The PUR-1 research reactor is in its 58th year. Originally designed by Lockheed in 1962, it is only a 10kw design (similar to a small campfire). It has gone through many upgrades. The most significant was the conversion to a full digital control through a $1.2M grant from the Department of Energy in 2017. It is the only fully digital controlled reactor in the USA.
True explained the basics of fission reactions and several design formulas for modern designs. A single fission reaction releases 100 million times the energy of a 2eV chemical reaction. The fission process of division creates two smaller atoms but, most importantly, 3 free neutrons. These free neutrons then create more fission for a chain reaction. Subcritical reactions stop naturally and supercritical reactions can expand exponentially. Control rods are used to moderate the supercritical reaction by capturing the excess neutrons to maintain a stable state for commercial use. Nuclear fuel is enriched to create sustainable reactions. Commercial levels are about 20%. By contrast, weapons grade is greater than 90%. Nuclear submarines also use greater than 90%.

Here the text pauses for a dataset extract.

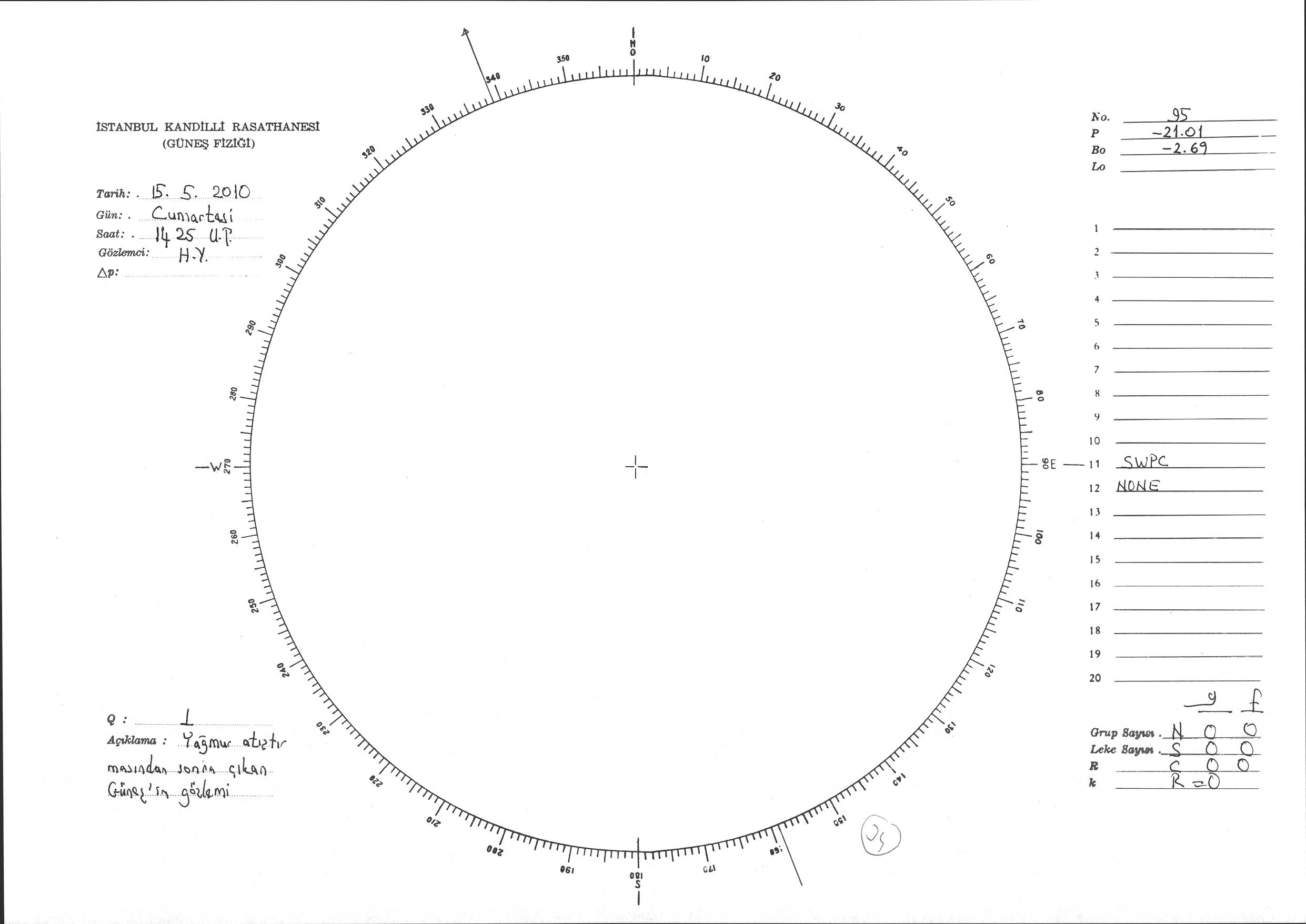 Güneş Lekesi Çizimi - 15.05.2010

The PUR-1 hosts 2000 visitors and 250 tours per year. The Scientech Club will be touring on Monday, May 13. PUR-1 also supports three lab courses and 120 students. PUR-1 is used for research in several areas such as neutron activation, creating isotopes, and cybersecurity studies (NRC grant). Since the full digitalization, all the reactor’s operating data has been recorded for future research.

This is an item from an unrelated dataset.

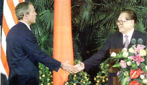 中美:2月21日,中国国家主席江泽民在人民大会堂与来访的美国总统布什进行会晤。
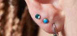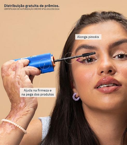 Temos a foto de uma jovem. Ela está em frente a um fundo de cor bege, de frente para a câmera, aplicando um rímel nos cílios com a mão direita. A jovem é parda, tem os cabelos castanhos, lisos e compridos com a franja presa para trás. Ela usa maquiagem em toda a face, com blush nas maçãs do rosto, brilho nos lábios e um delineado gráfico de cor roxa ao redor dos olhos. Também usa brincos de argola na cor lilás e uma blusa sem mangas na cor azul-claro. No pulso direito, uma pulseira de contas na cor salmão. Na mão direita, a base do pincel aplicador de rímel tem um engrossador. O acessório tem um formato de estrela, com as pontas arredondadas e cor azul. No centro, próximo ao pincel aplicador, os textos: “Alonga pincéis” e “Ajuda na firmeza e na pega dos produtos”.

However, the NRC doesn’t want experiments to be run that could modify the controls of PUR-1. Purdue has created a clone, a digital twin, which uses the PUR-1 data from a one way communication channel. Therefore, experiments can be run on the twin.

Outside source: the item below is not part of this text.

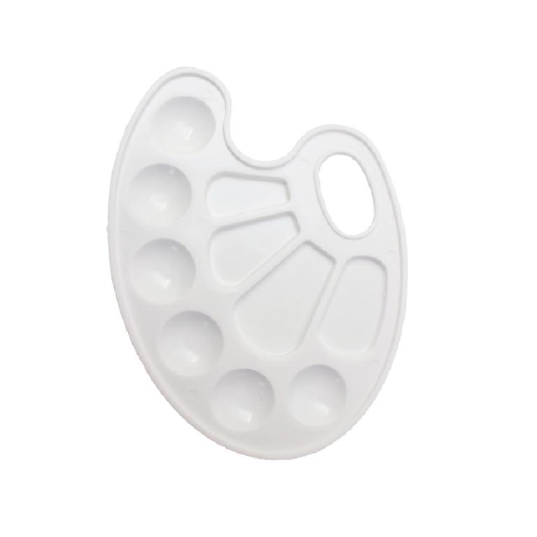 - Качество: палитра изготовлена из прочного белого пластика, который легко очищается и не впитывает краски.

Vol. 105 No. 13 April 1, 2024 Page 2
Another area of interest is Small Modular Reactors (SMR’s). Purdue is working with Duke Energy on SMR’s in general and specifically one to run the West Lafayette campus. The main campus emits 500K tons of greenhouse gas emissions a year. The future of nuclear energy in the United States is a political problem, not a safety issue. Advanced reactor designs are essentially failsafe. Nuclear power is the safest source of energy in terms of deaths. Even solar is much worse in accidents, etc. The issue is political (Chernobyl, Fukushima, etc.) and lack of an educated public.
Thanks to True Miller for a very informative program.